The Dam Bursts
In the West Bend case, Klaudia Sekura brought a putative class action against Krishna Schaumburg Tan, a franchisee of a tanning salon, for a technical BIPA violation. The underlying claim involved Ms. Sekura’s assertion that when she registered for membership, Krishna collected her fingerprint for use as a biometric key to allow her access to the facility. Krishna shared the biometric information, the fingerprint, with a third-party vendor without first gaining Sekura’s written consent.
West Bend, Krishna’s insurer, defended Krishna under a reservation of rights and brought a declaratory action seeking to deny coverage. The trial court granted summary judgment in Krishna’s favor, and the Appellate Court of Illinois, First District, affirmed. On appeal, West Bend argued that the BIPA violation did not constitute a personal injury under the policy and also that the policy’s exclusion for violations of statutes governing communications barred coverage.

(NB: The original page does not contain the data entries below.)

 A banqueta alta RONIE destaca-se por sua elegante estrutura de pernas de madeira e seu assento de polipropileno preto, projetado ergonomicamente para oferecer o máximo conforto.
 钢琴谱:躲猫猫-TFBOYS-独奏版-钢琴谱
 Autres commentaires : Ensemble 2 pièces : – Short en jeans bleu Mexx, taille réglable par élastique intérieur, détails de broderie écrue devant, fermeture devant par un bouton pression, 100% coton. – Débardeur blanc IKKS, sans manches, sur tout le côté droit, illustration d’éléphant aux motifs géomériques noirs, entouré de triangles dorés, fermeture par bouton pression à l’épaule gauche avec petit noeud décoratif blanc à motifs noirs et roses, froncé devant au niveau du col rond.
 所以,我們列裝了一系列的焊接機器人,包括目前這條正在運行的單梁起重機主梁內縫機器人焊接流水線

The court held that the sharing of data constituted a publication and could therefore be considered a personal injury, discussing the definition of the word “publication” in the context of both defamation and privacy claims. The court further reasoned that the policy’s violations-of-statutes exclusion related to the means in which the information was shared, not the BIPA data-sharing violation itself.

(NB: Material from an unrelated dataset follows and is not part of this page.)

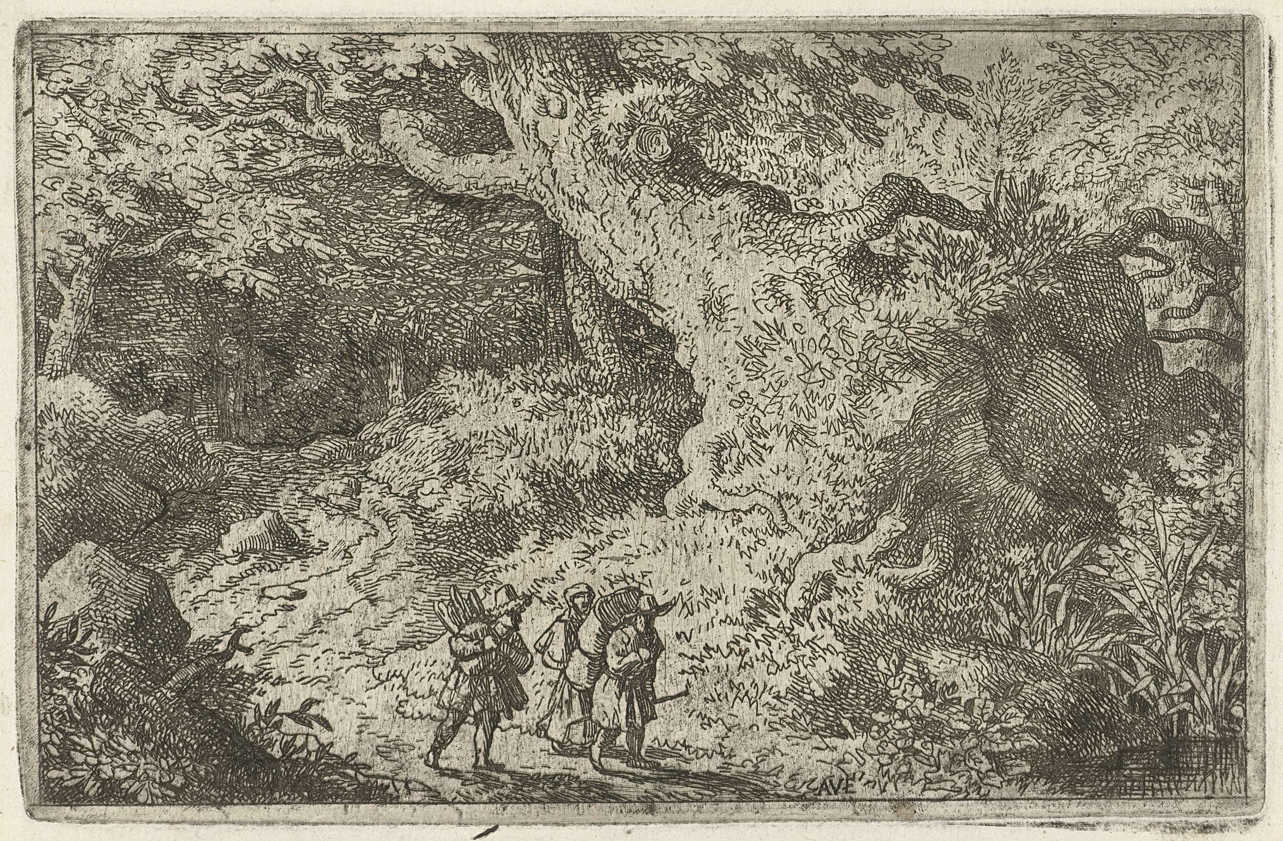 Drie reizigers in een bos

West Bend has appealed, but Section leaders believe the decision was correct. “The exclusion in the West Bend policy was very narrow,” notes Elbert. “Newer policy exclusions specifically refer to violations of BIPA, and I expect that to be the standard in the coming year,” she predicts. She also adds that “once carriers pick up a claim, they will add this exclusion for the next policy year.”
Jurisdictional Differences
“Illinois is alone among states with a private cause of action for a technical violation,” observes Grace C. Wen, Boston, MA, member of the Section’s Privacy & Data Security Committee who presented on data privacy and BIPA at the 2020 Section Annual Conference. Other states, such as Arkansas, California, New York, Texas, and Washington, currently regulate the disclosure of biometric information, but the goal is remedial rather than remunerative. For example, in California, the recently enacted California Consumer Privacy Act (CCPA) requires exhaustion of other remedies before bringing litigation. “The CCPA focuses more on gaining consumer consent, confirming the information is correct, and having it deleted if you want,” clarifies Wen.

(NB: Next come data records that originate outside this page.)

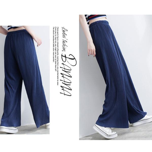 パンツ レディース セルフカット 切れる プリーツ 光沢感 縦ライン 高見え 高身長 低身長 リブパンツ ワイドパンツ イージーパンツ 裾カットOK ウエストゴム リラックスパンツ ボトムス 大きいサイズ 体型カバー 春 夏 お洒落 カジュアル かわいい 秋
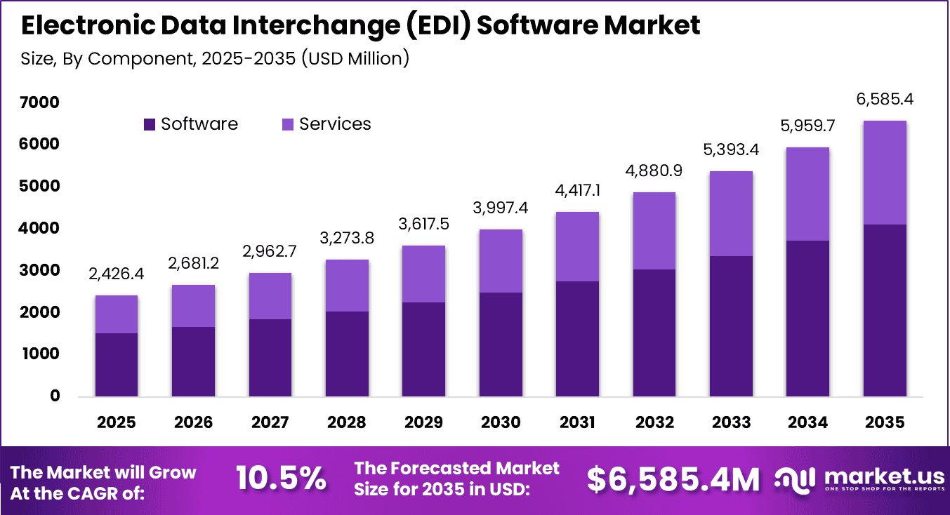Global Electronic Data Interchange (EDI) Software Market Size, Share and Analysis By Component (Software, Services), By Enterprise Size (Small and Medium Enterprises, Large Enterprises), By Industry Vertical (Retail and Consumer Goods, Manufacturing, Healthcare and Life Sciences, Automotive, Logistics and Transportation, Financial Services and Banking, Telecom and IT, Other Industry Verticals), By Regional Analysis, Global Trends and Opportunity, Future Outlook By 2025-2035
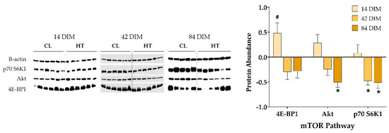 mTOR pathway protein abundance. Cows were exposed to dry period heat stress (dry-HT, n = 6) or cooling (dry-CL, n = 5) for 46 days pre-calving. Mammary biopsies collected at 14, 42, and 84 days in milk (DIM) were used for protein extraction to analyze mTOR pathway protein abundance by western blotting (Original picture, please see File S1). Protein expression is reported as abundance of dry-HT cows relative to dry-CL cows, normalized to β-actin. All data are presented as least square means ± standard error. * indicates p ≤ 0.05; # indicates 0.05 < p ≤ 0.10.
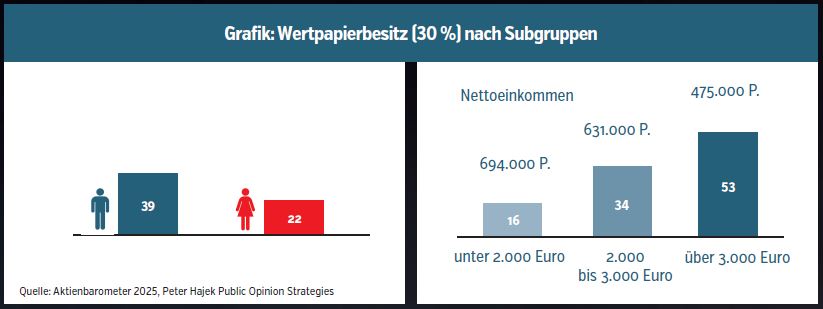 Zurück nach Österreich: Hierzulande ist in puncto Geldanlage das Sparbuch – eigentlich müsste man korrekterweise Sparkonto sagen – noch immer die Nummer 1. Das geht aus einer jüngst veröffentlichten, repräsentativen Online-Umfrage des Meinungsforschungsinstituts forsa im Auftrag der Union Investment hervor. Demnach besitzen 83% der Befragten ein Sparbuch, auf Platz 2 folgt ein Tagesgeldkonto (50%), Platz 3 belegt die Kapital-Lebensversicherung mit einer Nennung von 42%. An vierter Stelle liegen bereits Investmentfonds, die laut der Befragung bereits 40% der Befragten ihr Eigen nennen. Weitere 37% geben an, dass sie einen Bausparvertrag haben. Ein durchaus erstaunliches Ergebnis, denn laut dem im März dieses Jahres veröffentlichten Aktienbarometer, einer jährlichen Umfrage im Auftrag der Industriellenvereinigung, erklärten lediglich 30% der befragten Österreicher:innen, dass sie in Wertpapiere (Aktien, Anleihen oder Investmentfonds und ETFs) investieren. In beiden Studien zeigte sich, dass Männer in puncto Anlage deutlich stärker auf Wertpapiere setzen als Frauen (siehe dazu Grafik: Wertpapierbesitz nach Geschlecht bzw. Einkommen). Vor allem in den Einkommensgruppen ab 3.000 Euro netto spielt der Wertpapierbesitz eine große Rolle.

By contrast, BIPA has teeth. Hefty penalties for technical violations—$1,000 for a negligent violation and $5,000 for a reckless or intentional violation—were probably a driving force behind Facebook’s $550 million settlement of class claims for alleged facial recognition privacy violations. “Facebook didn’t have much of a defense,” opines Wen. “All the class had to do was show a technical violation.”
As a result, companies should be aware of the risk and determine whether they have coverage. “Businesses should take data privacy seriously,” advises Wen. “With more personal information available, it is more likely that a private company is going to be subject to litigation for disclosure of the data.”
And be dogged in seeking coverage, counsels Elbert. “Every litigator should look for insurance coverage when their client is sued for BIPA and CCPA violations. Don’t take no for an answer.”